И махнул нам рукой.
Вскоре начались бомбардировки и голод. От папы приходили редкие треугольнички.
— У меня все в порядке, — писал папа, — дали одно ружье на троих. Как вы? Как пластинка? Когда идете в бомбоубежище — не забудьте брать ее.
Мы несли ее туда, завернув в пуховый платок. В морозы засовывали в подушку и сверху накрывали одеялом. В темные ночи мама повторяла мне:
— Если мы сбережем пластинку — папа вернется.
Я не понимал этого, но старик Бернштейн в бомбоубежище однажды объяснил мне, что человек не все должен понимать.

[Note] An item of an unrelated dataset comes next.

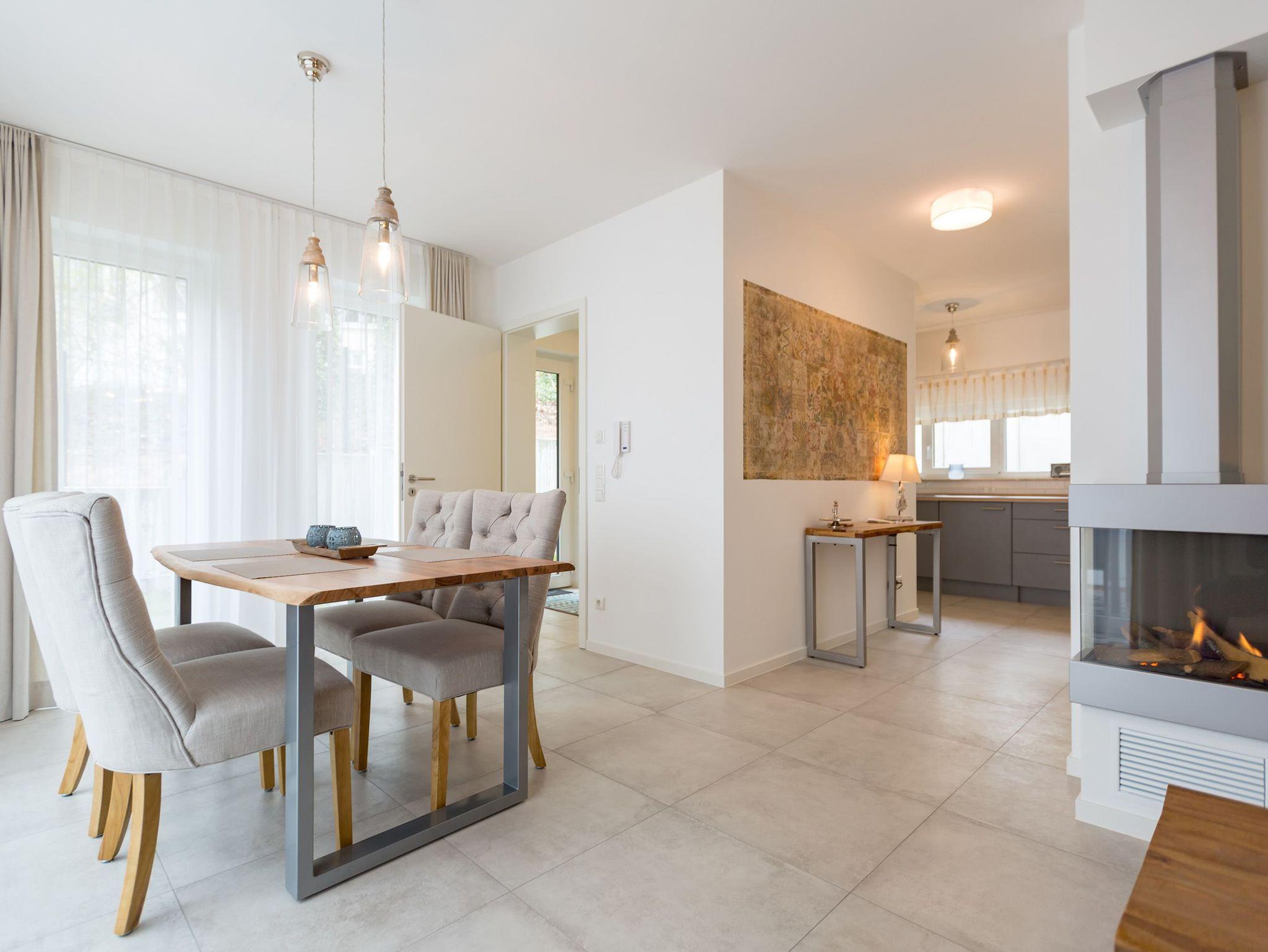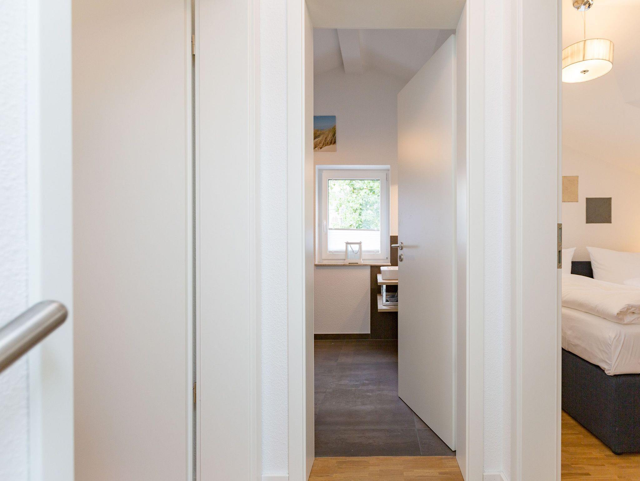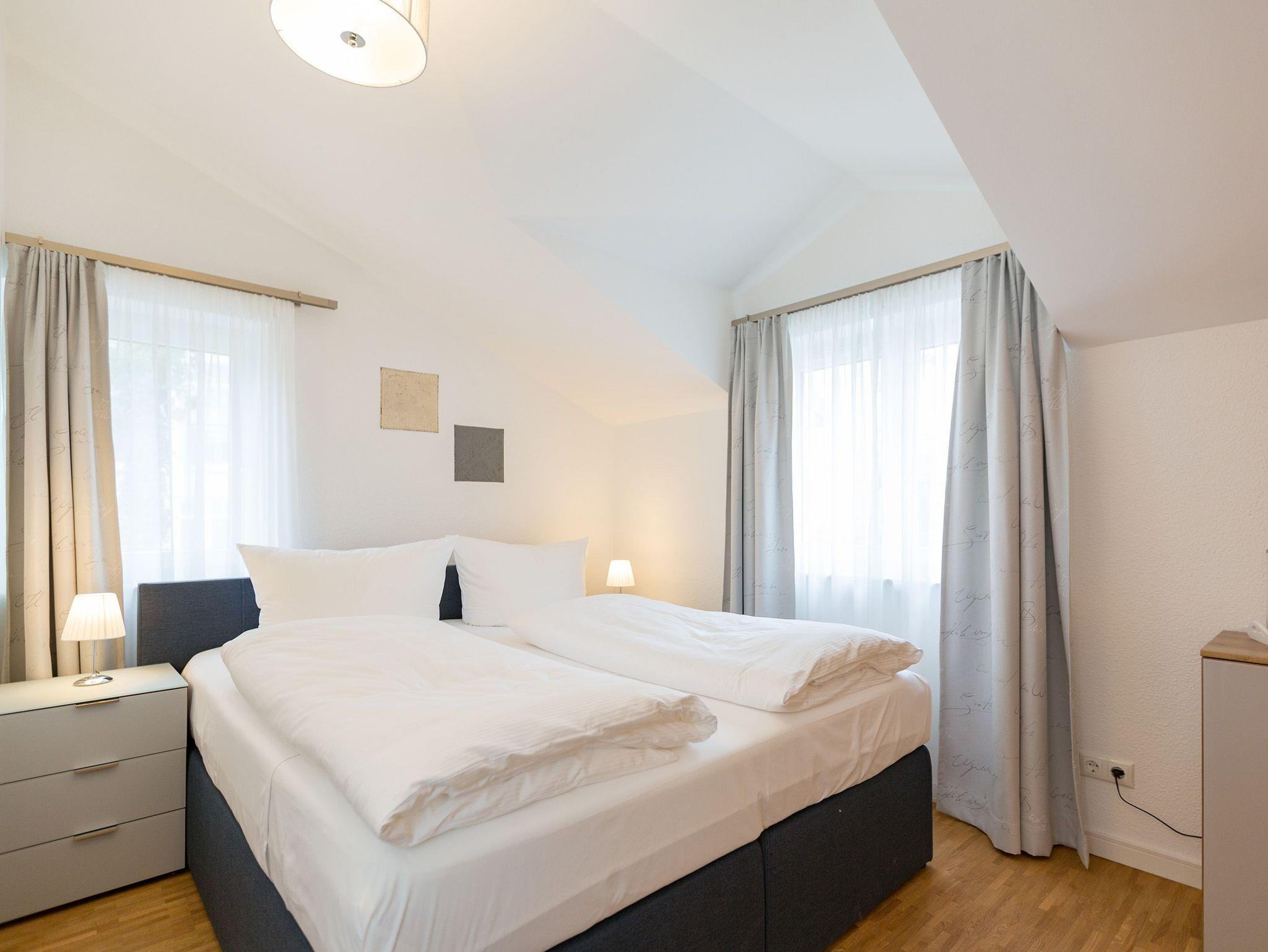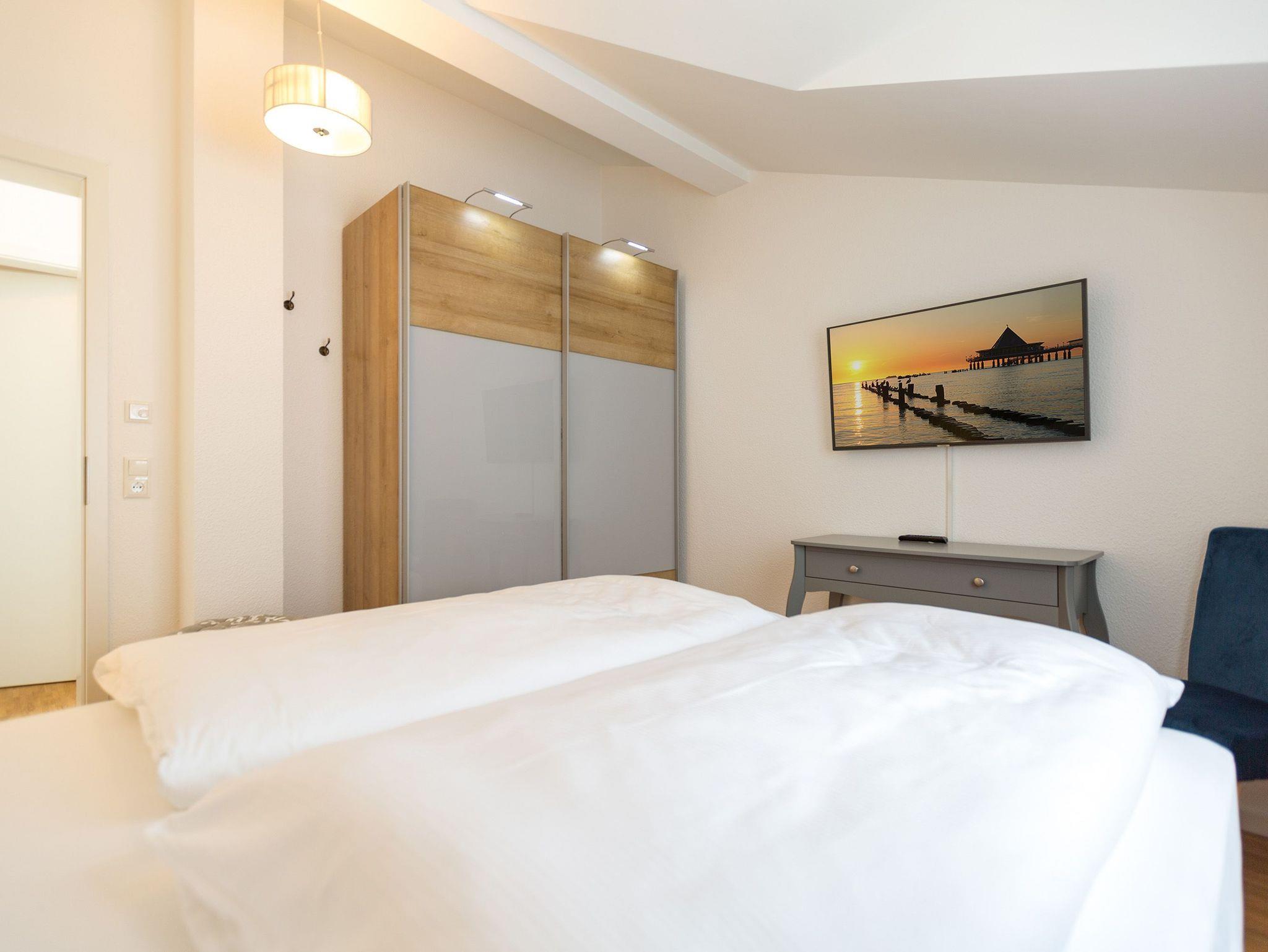 Über zwei Etagen erstreckt sich im Appartement 1 ein 83 Quadratmeter großer Urlaubstraum mit ganz besonderem Flair. Offen, großzügig und elegant ist das Drei-Zimmer-Appartement eine echte Wohlfühlzone. Bis zu vier Freunde oder Familienmitglieder können hier gemeinsam eine stilvolle Auszeit mitten im Herzen des mondänen Kaiserbades genießen. Auch ein Kleinkind bis zwei Jahre kann hier zusätzlich im Kinderreisebett untergebracht werden. Wie ein kleines Loft gehen im Erdgeschoss das Wohnzimmer in das Esszimmer und in die voll ausgestattete Küche über. Lichtdurchflutet und gemütlich ist das Interieur. Die große Sofalandschaft eignet sich ideal zum Filme anschauen auf dem Flat-TV oder für gesellige Abende vor dem Gaskamin. Per Knopfdruck können Sie mit ihm eine kuschelige Atmosphäre zaubern. Vom Wohnzimmer gelangen Sie auf die Südterrasse (ca. 12qm). Am wunderschönen Industrial-Design-Holztisch mit den komfortablen Stühlen lässt es sich lecker essen. Die Küche ist mit allem ausgestattet. Mikrowelle, Gefrierschrank, Spülmaschine, Backofen ? hierbei handelt es sich durchweg um hochwertige Markengeräte. Auch Geschirr ist in den Schränken zu finden. Im Erdgeschoss befindet sich zudem ein stylisches Badezimmer mit Dusche und WC. Über eine Treppe geht?s in die Traum- und Relax-Area. Im 1. Obergeschoss befinden sich zwei gemütliche Schlafzimmer mit Boxspringdoppelbetten (1,60 m x 2,00 m und 1,80 m x 2,00 m), Schränken und je einem weiteren Flat-TV. Eines der beiden Schlafzimmer hat sogar eine separate Ankleide ? ein kleines Boudoir mit Schminktisch. Auch im Obergeschoss gibt es ein geräumiges Tageslichtbad. Neben Dusche, WC und Waschbecken verwöhnt es die Entspannungshungrigen mit einer kleinen Finnischen Sauna. Das Ferienobjekt verfügt über eine Waschmaschine. Bei Anreise sind die Betten bezogen und Handtücher liegen bereit. Das WLAN-Netz ist kostenfrei nutzbar. Für das Appartement ist ein Stellplatz im Carport reserviert. Von hier aus erreicht man den Zugang zum Haus über eine Außentreppe.

Мама уже давно отдала патефон за три плитки шоколада и ежедневно добавляла к моему рациону маленький коричневый кусочек. Она променяла все наши вещи на еду, и лишь папина пластинка бережно хранилась в пуховой подушке.
Потом папу ранили. Мы побежали к нему в госпиталь на Фонтанку. Он лежал в огромном зале, в темноте, в стонах, перевязанный.
Мы обнимались в темноте ленинградской блокады и говорили друг другу нежные слова. Я уж не помню, какие.
— Как вы похудели, родные мои, — вздыхал папа, — как осунулись! А как пластинка?
— Не похудела, — ответила мама.
Мы подробно рассказали, как храним ее.
— Молодцы, — говорил папа, — я вернусь, и мы вознесемся, после войны мы заведем патефон, и вы увидите счастье. Должно же, наконец, придти счастье…
Он был романтик, мой папа, он ждал счастья, как другие Мессию.
Голод стоял невыносимый. Я уже не мог переносить холодов. Мы стали готовиться к эвакуации. В картонный чемодан мама положила платок, мои рейтузы, теплое белье и пластинку — больше не было сил тащить — и мы покатили на грузовике по Ладожскому озеру. Сверху падали бомбы. Машины вокруг нас тонули в пробитом льду.
— Мы приедем, — повторяла мама, — пластинка нас спасет.
Она оказалась права — мы добрались до берега.
Мама моя выехала из Ленинграда черноволосой, а из грузовика вышла белой. Я боялся спросить, что с ней случилось. Я чувствовал, что за этими белыми волосами стоит что-то страшное. Я только взял ее ладонь и крепко сжал ее.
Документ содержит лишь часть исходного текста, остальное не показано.